Nothing but the lines from the first line of the records below to the line holding "Tegan Fantezi Kırmızı Parlak Bodysouit" belongs in the answer, copied exactly and without pictures.

Records drawn from a dataset:
◇ ◇ ◇ ◇ ◇
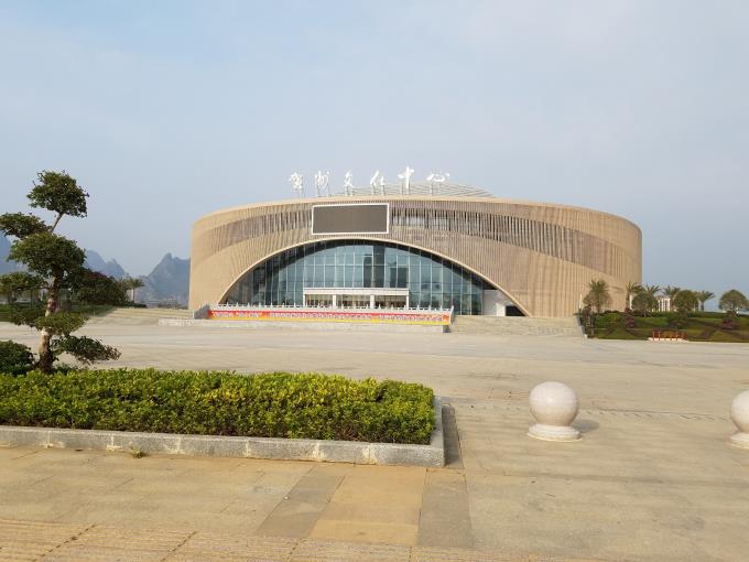 賀州市文化中心建設項目位于城東新區太白東路旁,整個建筑形體呈正圓形。項目開工時間為2012年2月3日,項目計劃總投資31300萬元,設計高度23.8m,總建筑面積33621㎡,占地117.7畝。建設內容為局部地下二層及地上五層建筑,內含1355個座位大劇院,影院、音樂廳、學術報告廳、會議室等8個功能廳,以及公共服務、車庫用房,室外臺座,290個車位生態停車場及綠化工程等。
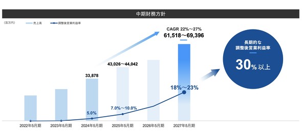 調整後営業利益については、売上高成長に必要な投資を行いながらも、これまで以上のスピードで成長させる方針を示した。2027年5月期における調整後営業利益率は18〜23%を目指すとしており、金額でいえば110億〜159億円規模となる。
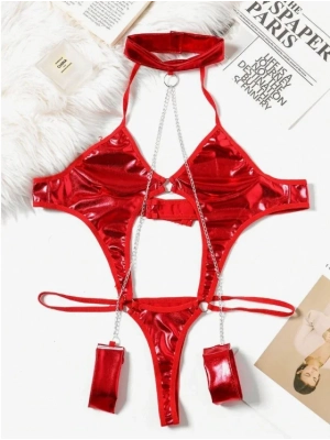 Tegan Fantezi Kırmızı Parlak Bodysouit
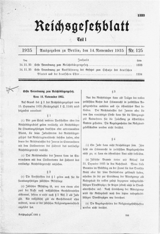 Sub-Collection 2: RG-05.02, National Socialism, official Documents, 1920s -- 1945  Document/Artifact of Item-Level 2: RG-05.02.02, First page of addendum to Reich Citizenship Law of September 1935, 1935
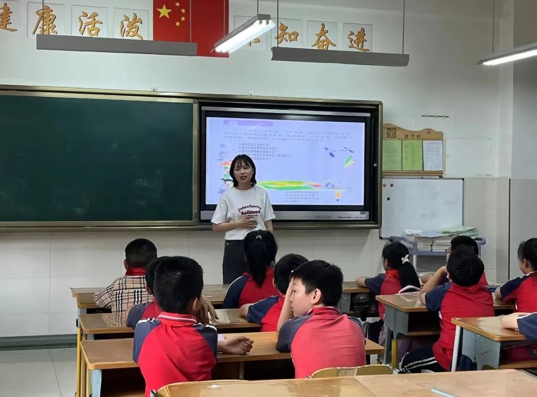 张依芳以《美丽中国是我的家》为主题,通过播放《美丽中国》自然风光的视频,使学生在领略祖国大好河山的过程中燃起对祖国的热爱之情与民族自信。在学习国徽、国旗、国歌的环节中,同学们认识到爱国绝不能停留在口号上,而是要把自己的理想同祖国的前途、把自己的命运同民族命运紧密联系在一起,奉献青春,绽放光彩。
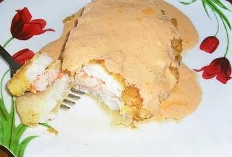 Ingredientes:8 filetes de gallo500 gr de langostinos cocidos1 cebolla pequeña5 pimientos del piquillo200 ml de natasalajo molidoaceitehuevoharinapan rallado
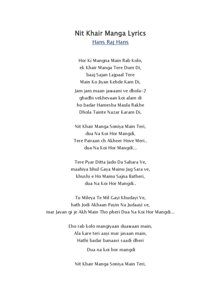 Nit Khair Manga Hans Raj Hans Lyrics Song Meanings Videos
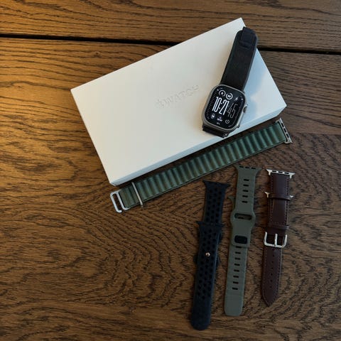 Smartklocka med rektangulär urtavla och silver metallarmband i meshstil. Klockan har pekskärm och sidoknapp. Armbandet är justerbart och passar handled i vuxenstorlek (L). Lämplig för vardagsanvändning och träning.
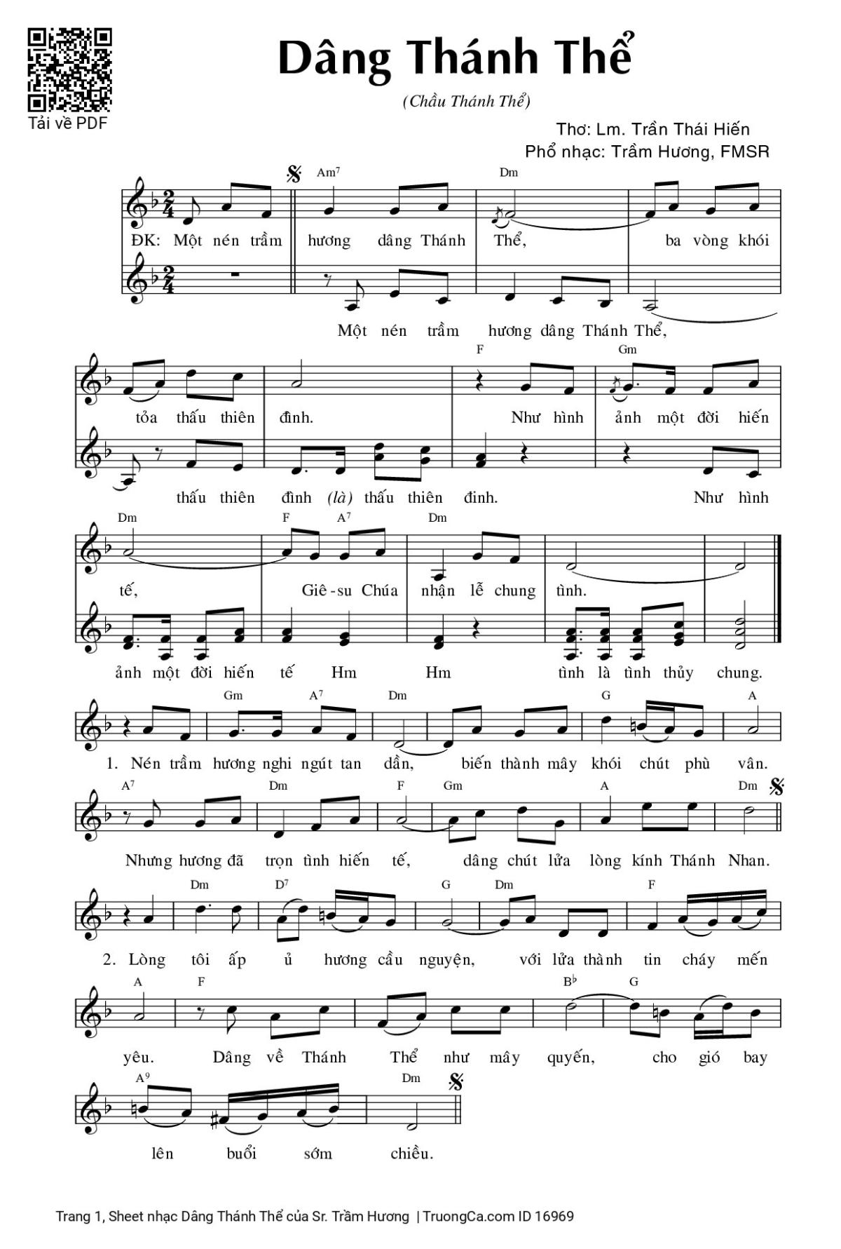 Transposition is the process of moving a song's melody and chords up or down in pitch by a constant interval. The direction of the transposition tool is indicated by a plus (+) sign for up and a minus (-) sign for down. Hover mouse over chords signs to see the chords chart of Dâng Thánh Thể song.
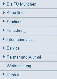 Von hier aus gelangen Sie zu dem entsprechenden Inhalt, wenn Sie auf die Schrift klicken. Gleichzeitg klappt das Menü auf (vorausgesetzt es gibt einen Unterpunkt).
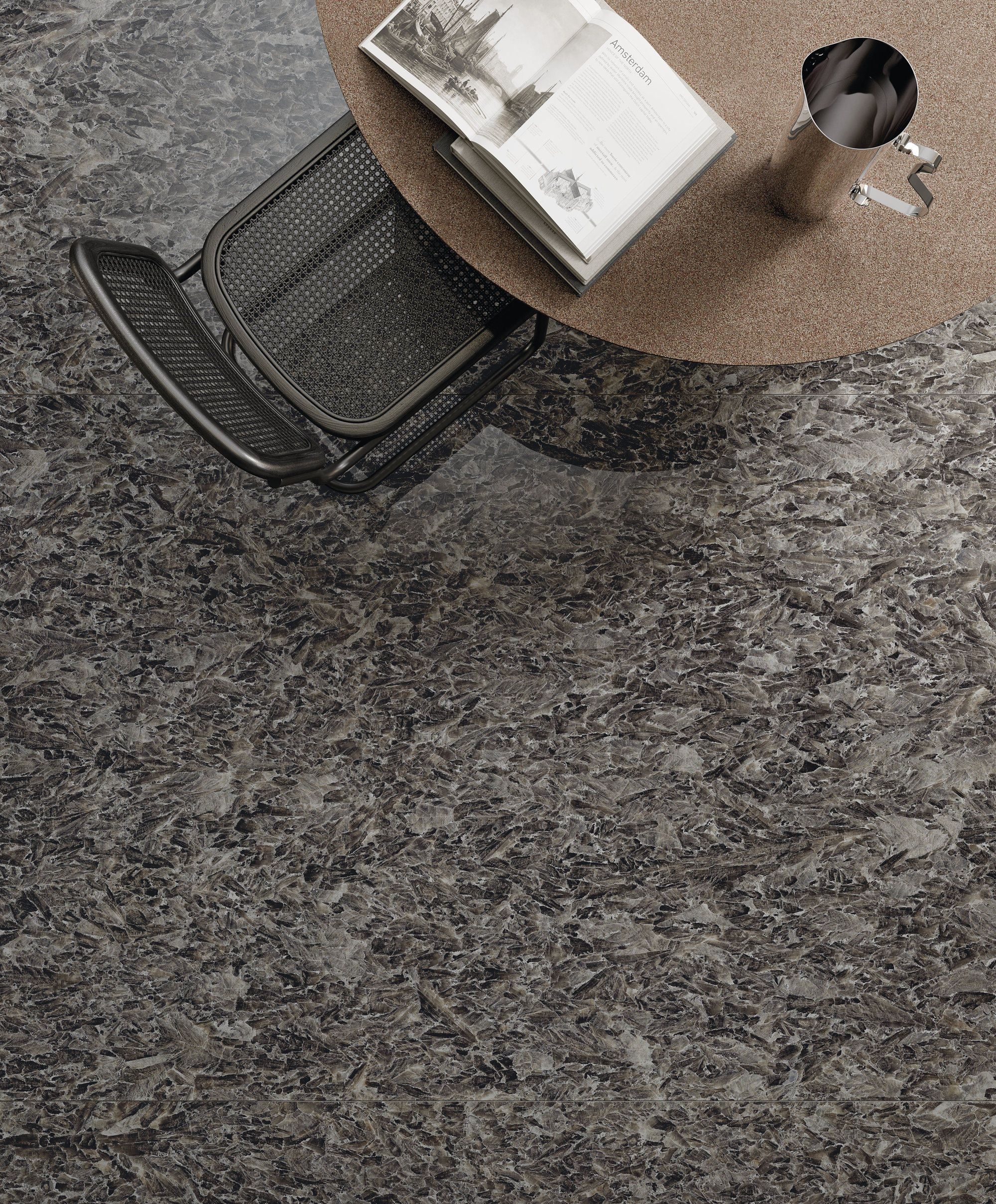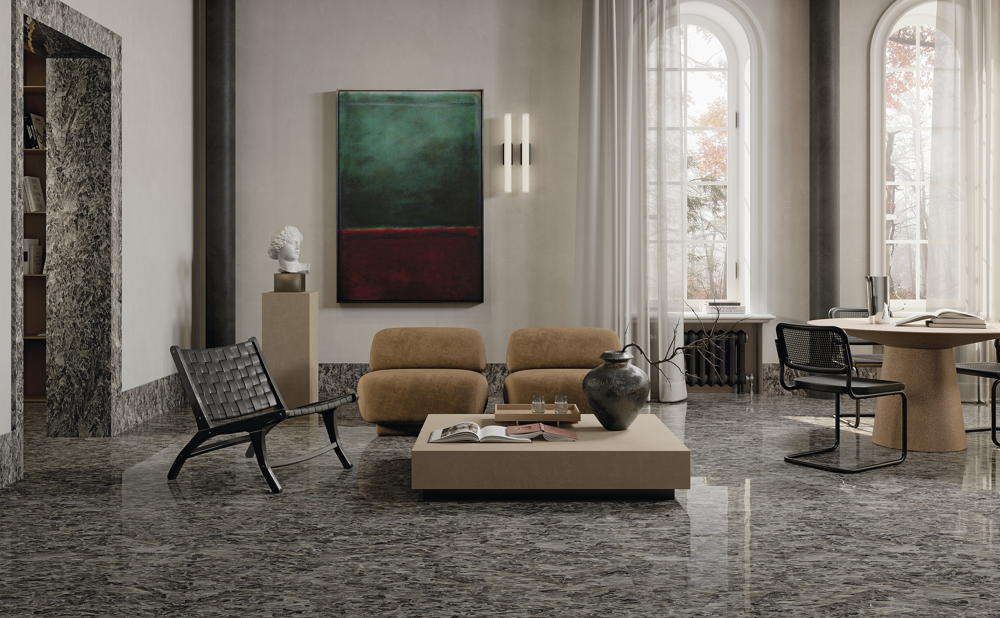 Conférant aux espaces élégance et rigueur, le noir est illuminé par des inclusions plus claires et nuancées. Visuellement enveloppantes grâce aux réfractions cristallines, les surfaces surprennent par leurs traits graphiques tandis que la finition exclusive Jewel, grâce à une entente alchimique entre un minéral irisé et un matériau vitreux, met en exergue les fragments lumineux et insuffle encore plus de netteté et d’intensité à la matière céramique pour une expérience architecturale toute en émotions.
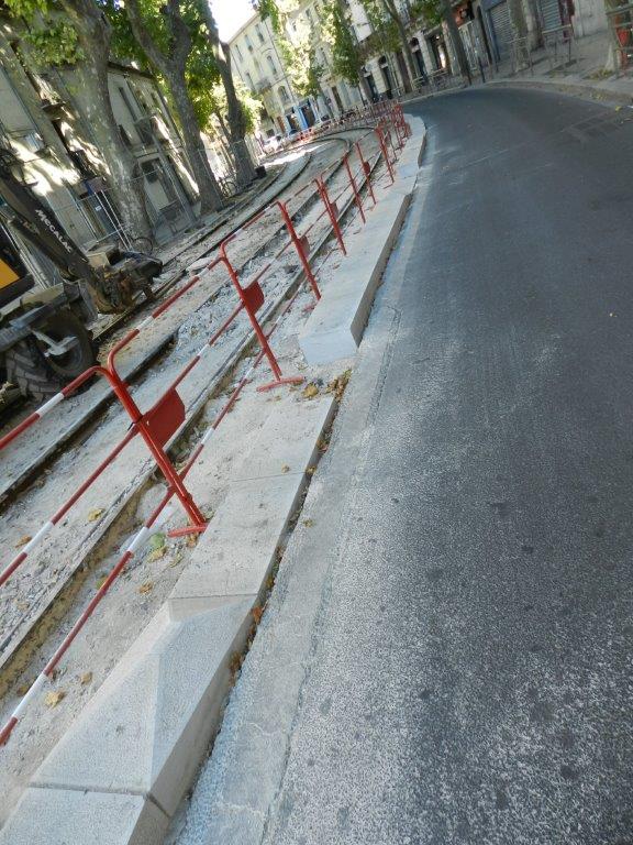 Boulevard Louis-Blanc à Montpellier, le revêtement de la plateforme commune aux lignes 1 et 4 de tramway va faire peau neuve. Photo prise le dimanche 12 juillet 2020. Copyright : Anje34
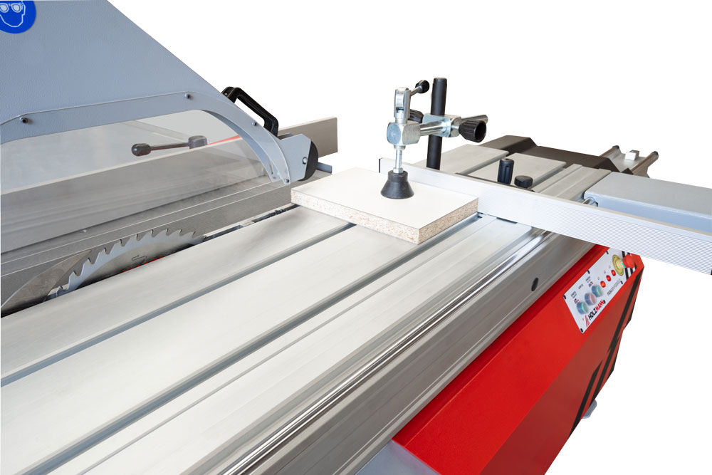- mit großem Alu-Schiebetisch und Ausleger ideal für die Bearbeitung großer Werkstücke, sowie das Zuschneiden von großen, schweren Platten
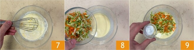 Mezclad con un batidor de mano hasta obtener una mezcla lisa y sin grumos 7. En este punto, unid las verduras ralladas y bien escurridas 8 y la levadura instantánea para preparaciones saladas 9.
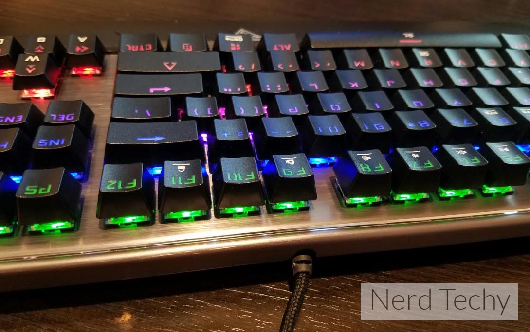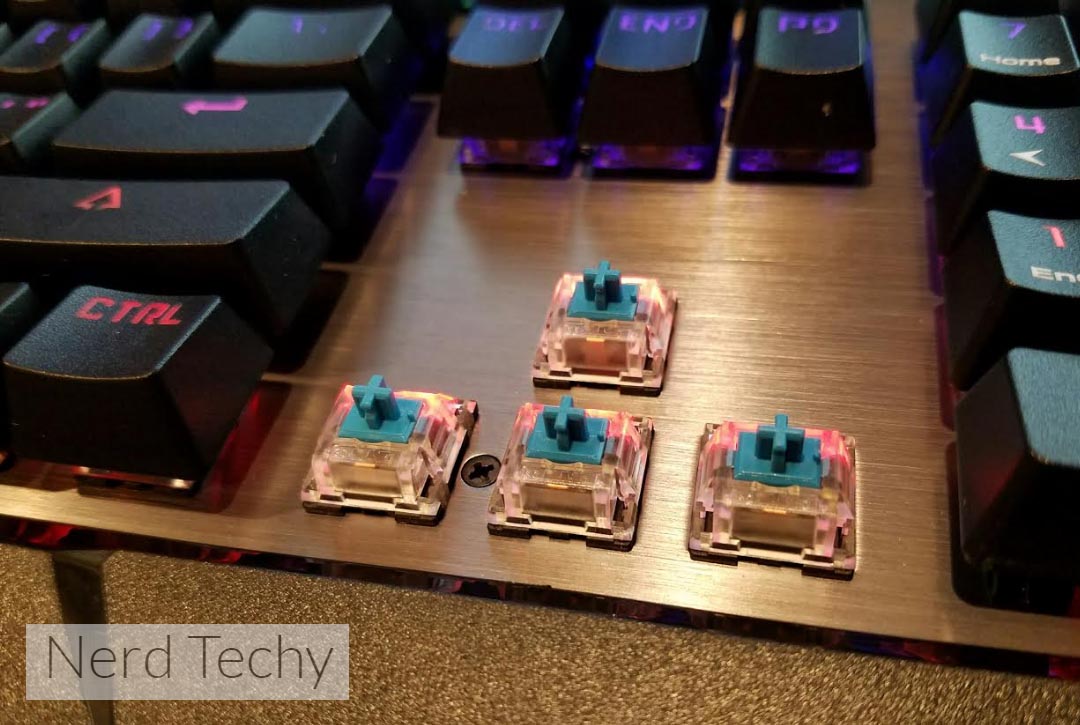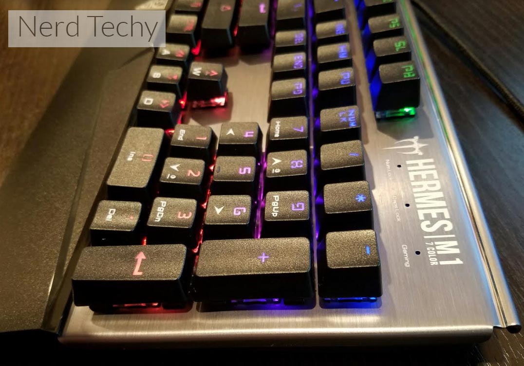现在,并非所有开关都相等。有几个不同的版本。可以对开关进行校准,以达到压力,重置点,响度和速度。大多数用户在蓝色,红色和棕色之间选择。此键盘中使用的开关是蓝色品种。它们有点重,有点更大,并且具有任何开关中最触觉的反馈。对于打字员来说,这些被认为是最好的。一些游戏玩家更喜欢红色开关,因为它们非常轻巧易于推动。我们认为,这打破了机械键盘的全部目的。蓝调是市场上最畅销的人。 Within a few minutes of using one, you’ll be completely used to it. For this reason, we couldn’t be happier with the switch choice in the Hermes M1.
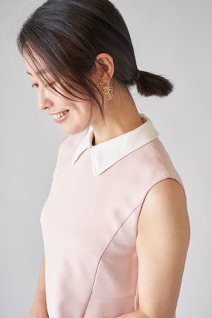 付け衿を外すと首を長く見せてくれるように計算されたクルーネックのデザインです。
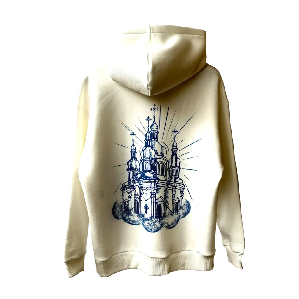 Эта худи — отражение трагизма существования вне воли и одновременно напоминание о том, что истинная вера и покаяние даруют внутреннюю свободу, которой не могут лишить даже жизненные трудности.
◇ ◇ ◇ ◇ ◇
_Response area:_
 賀州市文化中心建設項目位于城東新區太白東路旁,整個建筑形體呈正圓形。項目開工時間為2012年2月3日,項目計劃總投資31300萬元,設計高度23.8m,總建筑面積33621㎡,占地117.7畝。建設內容為局部地下二層及地上五層建筑,內含1355個座位大劇院,影院、音樂廳、學術報告廳、會議室等8個功能廳,以及公共服務、車庫用房,室外臺座,290個車位生態停車場及綠化工程等。
 調整後営業利益については、売上高成長に必要な投資を行いながらも、これまで以上のスピードで成長させる方針を示した。2027年5月期における調整後営業利益率は18〜23%を目指すとしており、金額でいえば110億〜159億円規模となる。
 Tegan Fantezi Kırmızı Parlak Bodysouit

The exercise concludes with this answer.